If I had written a story about the chairman, the same story related in the Carotti memo, with the same lack of solid documentation and using only the same rumor, hearsay and gossip used in the memo as my sources, I could justifiably be sued for libel, defamation and reckless disregard for the truth.

And with the rapidity that the memo was leaked and appeared in print, I’m not sure that is not exactly what was done with the reporting to SLED as cover to try and build a whistleblower defense.

But allegations based on rumor and hearsay are specifically excluded from the whistleblower defense. Therefore, it looks like Carotti and Eldridge are far out on a limb while sawing it off behind them.

One definition of malfeasance is the performance by a public official of an act that is legally unjustified. I submit making allegations of wrongdoing with nothing more than rumor, hearsay and gossip to back them up, reporting those allegations to SLED and having them leaked to the media are legally unjustified acts. Therefore, it is not a stretch to say that both Eldridge and Carotti may have committed malfeasance by acts so irresponsible they should be fired.

It is a felony in South Carolina to make a false report to law enforcement officials.

I would further submit that any council member who told Eldridge to send the matter to SLED, as Eldridge claimed in a letter to council, and any council member who tries to shield Eldridge and Carotti from discipline by attempting to justify their acts may also be committing malfeasance because there is nothing legally justified about sending a memo to SLED based entirely on rumor, hearsay and gossip.

Our Council Members as Sheep

Year in and year out voters go to the polling booths in June for primary elections and November for general elections to vote for the candidates they want to lead their respective governments.

Unfortunately, local voters, especially those voting in Myrtle Beach City Council and Horry County Council elections, appear to be getting short changed in the leadership department because far too many of these elected officials defer to staff to determine policy.

And these policies leave a lot to be desired as council members act like sheep being led by senior staff members.

In Myrtle Beach, the city has decided to wage war on certain Ocean Boulevard business owners with a zoning overlay district that makes selling items such as CBD oil illegal in the district while allowing it to be sold everywhere else in the city.

It was announced recently that CBD coffee ads will air during the upcoming Super Bowl. CBD products are good enough to be advertised during the number one television event of the year, but can’t be sold in a certain area of Ocean Boulevard because the city doesn’t want the store owners to get business.

There is something very wrong with that calculus but city council doesn’t question what.

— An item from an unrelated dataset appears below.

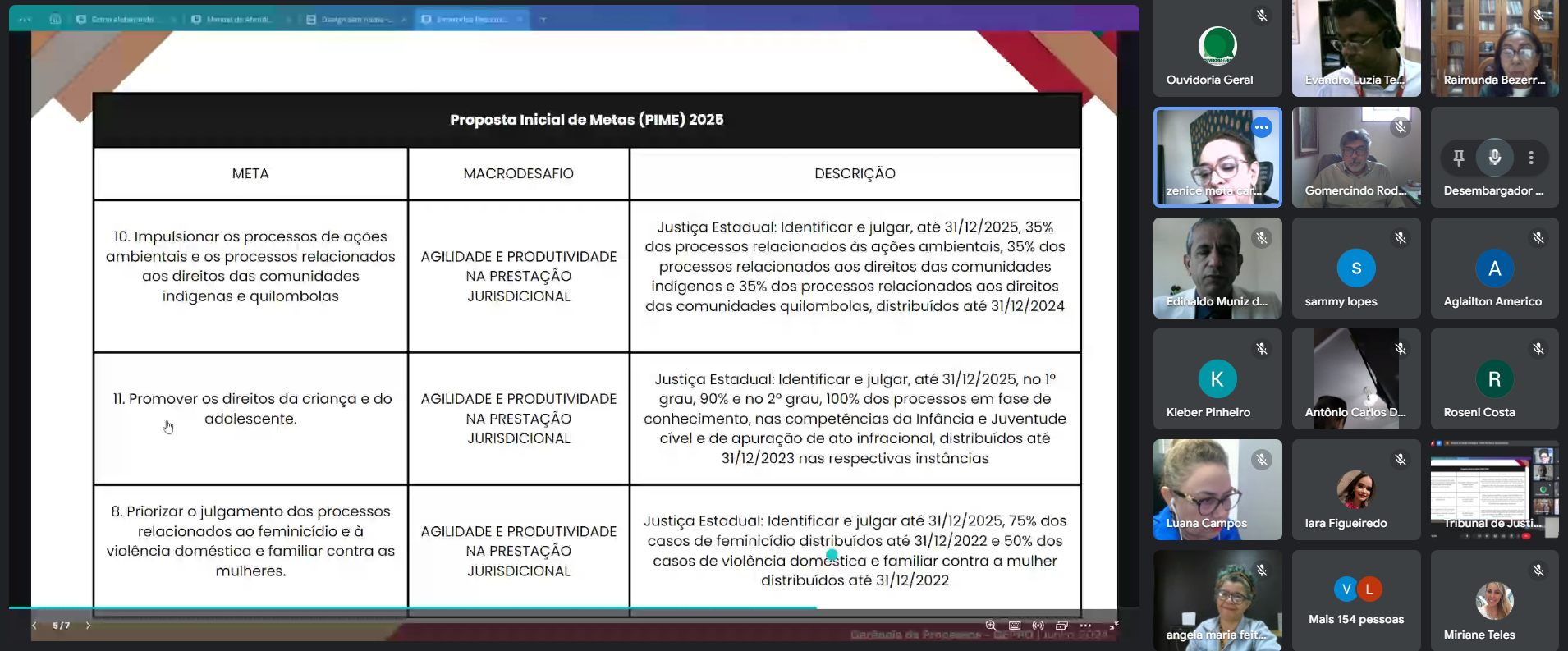 Para a Meta 6, sobre o julgamento de processos relacionados ao feminicídio e à violência doméstica e familiar contra as mulheres, o procurador de Justiça Sammy Barbosa propôs que além da meta quantitativa, houvesse uma descrição qualitativa com a prescrição de que esses julgamentos fossem adequados com os protocolos de perspectiva de gênero.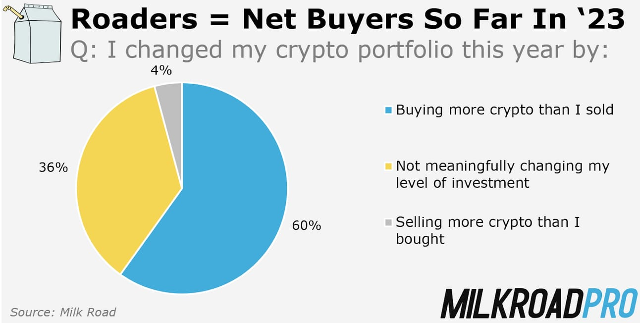 We’ve all heard the saying: “Be greedy when others are fearful, and fearful when others are greedy”. Most Roaders took action on that advice in H1. Over half of them (60%) stacked more crypto.

The targeted Ocean Boulevard stretch appears to be coveted because of its location and proximity to other city owned properties in and around the super block, a nice area that could be resold to a developer looking to locate, say, a casino complex.

But first the businesses in that location must be driven out and the buildings become available at the right price.

With three new members of city council and a completely redrafted ordinance presented for second reading last summer, this can’t be a council driven decision for members looking to get reelected. The only logical conclusion is that council members went along like sheep following the lead of the city administrator and his staff in passing this ordinance.